Resnet. Traditional convolutional feed-forward networks connect the output the $l^{t h}$ as input to the $l + 1^{t h}$ layer: $x_{l} = H_{l} (x_{l - 1})$ . ResNets [11] added a skip-connection that bypassed the non-linear transformations with an identity function:

$x_{l} = H_{l} (x_{l - 1}) + x_{l - 1}$ (1)

On the one hand, Resnet bypass signal from one layer to the next via identity connections.

On the other hand, Resnet [3] [7] makes this information preservation explicit about additive identity transformations.

Resnet aims to solve the problem of long distance transmission of feature combination problems or shallow information at different levels.

Densenet. To further improve the information flow between different layers, the densenets was introduced direct connections to any layer to all subsequent layers, the layer receives the feature-maps from all of the preceding layers:

$x_{l} = H_{l} ([x_{0}, x_{1}, ..., x_{l - 1}])$ (2)

where $x_{k}$ , $k \in [0, l - 1]$ , refers to the concatenation of the feature-maps. In order to implement easily, Densenet concatenates all of the front inputs into a single map.

Crucially, in contrast to Resnet, Densenet never combine features through summation before they are passed into a layer, instead, it combine features by concatenating them. Hence, the $l^{t h}$ layer has $l$ inputs, consisting of the feature-maps of all preceding convolutional blocks. Its own feature-maps are passed on to all $L - l$ subsequent layers. This introduces L (L + 1)/2 connections with a L-layer network, instead of just L, as in traditional architectures.

4. Our Proposed Model

Compressed dimension. Since the dimensionality of region vectors determines the dimensionality of weight vectors, having high-dimensional region vectors means more parameters to learn. If $p | V |$ is too large, the model becomes too complex (w.r.t. the amount of training data available) and training becomes unaffordable expensive even with efficient handling of sparse data; Therefore, one has to lower the dimensionality by lowering the vocabulary size $| V |$ and the region size p, which may or may not be desirable, depending on the nature of the task.

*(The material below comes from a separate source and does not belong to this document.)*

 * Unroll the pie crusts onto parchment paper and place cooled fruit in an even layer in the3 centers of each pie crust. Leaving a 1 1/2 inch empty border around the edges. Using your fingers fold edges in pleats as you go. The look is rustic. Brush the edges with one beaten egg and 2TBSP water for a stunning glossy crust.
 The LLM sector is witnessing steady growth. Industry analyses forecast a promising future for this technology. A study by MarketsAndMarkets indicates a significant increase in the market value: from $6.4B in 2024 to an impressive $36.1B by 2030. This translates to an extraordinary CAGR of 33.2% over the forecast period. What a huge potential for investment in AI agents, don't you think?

With this representation, we have fewer parameters to learn. Essentially, the expressiveness of our alternative (which loses word order only within small regions) is somewhere between one-hot representation and word2vec.

Concat. One can simply implement a concat operation by adding one more concat layer upon existing networks after the $1 \times 1$ convolutional layer (as shown in Equation (3)). The concat operation is following:

$C_{k} = R_{k} \oplus D_{k}$ (3)

$x_{l} = H_{l} ([x_{0}, x_{1}, ..., x_{l - 1}])$ (4)

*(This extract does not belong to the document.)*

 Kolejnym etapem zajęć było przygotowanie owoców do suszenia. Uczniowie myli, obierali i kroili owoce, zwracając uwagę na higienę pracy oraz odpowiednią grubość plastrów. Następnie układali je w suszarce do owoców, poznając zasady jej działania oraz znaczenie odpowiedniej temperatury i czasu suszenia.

where $R_{k}$ and $D_{k}$ denote the extracted information at k-th step from Resnet and Densenet, $\oplus$ denotes the concat operator.

Average Channel Shuffle. The basic idea of average shuffle algorithm is the index $i$ scans and copies the original data from front to back, between [0, 1] random a index $j$ , the main effect is equivalent to exchang the values of $i$ and $j$ in the copy data, which advantage is that the time consumption is minimal. Which is enabling cross-group information flows for group convolution layers. The pseudocode of Average Shuffle is shown in the following Algorithm 1.

The model schematic architecture, which is shown in Figure 1, different colors represent different features, concat and average shuffle operations are used to the categories of feature map and the flow of global feature information.

Figure 1. Schematic diagram of model.

5. Experiments and Evaluation

In this section, the effectiveness of the proposed model was validated by THUCNews datasets, and then handle the EPCT datasets. Hardware environment: 4 GB RAM, Nvidia Geforce GTX 970 M, 3 G. Software enviroment: All experiments are conducted on a Windows 7 professional 64 bit OS with a simple integrated experimental environment (anaconda 3 (64 bit) + python (3.6) + spyder) and an experimental framework of tensorflow (1.1.0).

5.1. Datasets and Data Preprocessing

The summary statistics of EPCT datasets are in Table 1.

We divided the dataset into training sets, validation sets, and test sets by 8:1:1. That is, 80% data were used for training the word2vec and classifier. In constructing the word vector model, the size of word vectors was set to 50 (i.e., each word was represented as a 50-dimensional vector.). In word vector representation, each word is represented as a vector in an arbitrary vector space. Then every word is represented as a numerical vector, we can compute relevancy between words. Continuous word vectors representation techniques have been proposed in [12] [13] [14] . The proposed two models such as “continuous bag of words” and “continuous skip-gram” can express an aspect of meaning of words. Both models are implemented to word2vec [15] [16] [17] . The word2vec is a tool which realizes word vector representations to text set. The whole preprocessing workflow is shown in Figure 2.

Table 1. Description of datasets.

Figure 2. Workflow of data preprocessing.

5.2. Performance Results

The concat operation used in Equation (3) is not valid when the size of feature-maps changes. For convolutional layers with filter size 3 × 3 (group convolution) and 1 × 1, The transition layers used in our experiments consist of a batch normalization layer and an 1 × 1 convolutional layer followed by a 2 × 2 average pooling layer.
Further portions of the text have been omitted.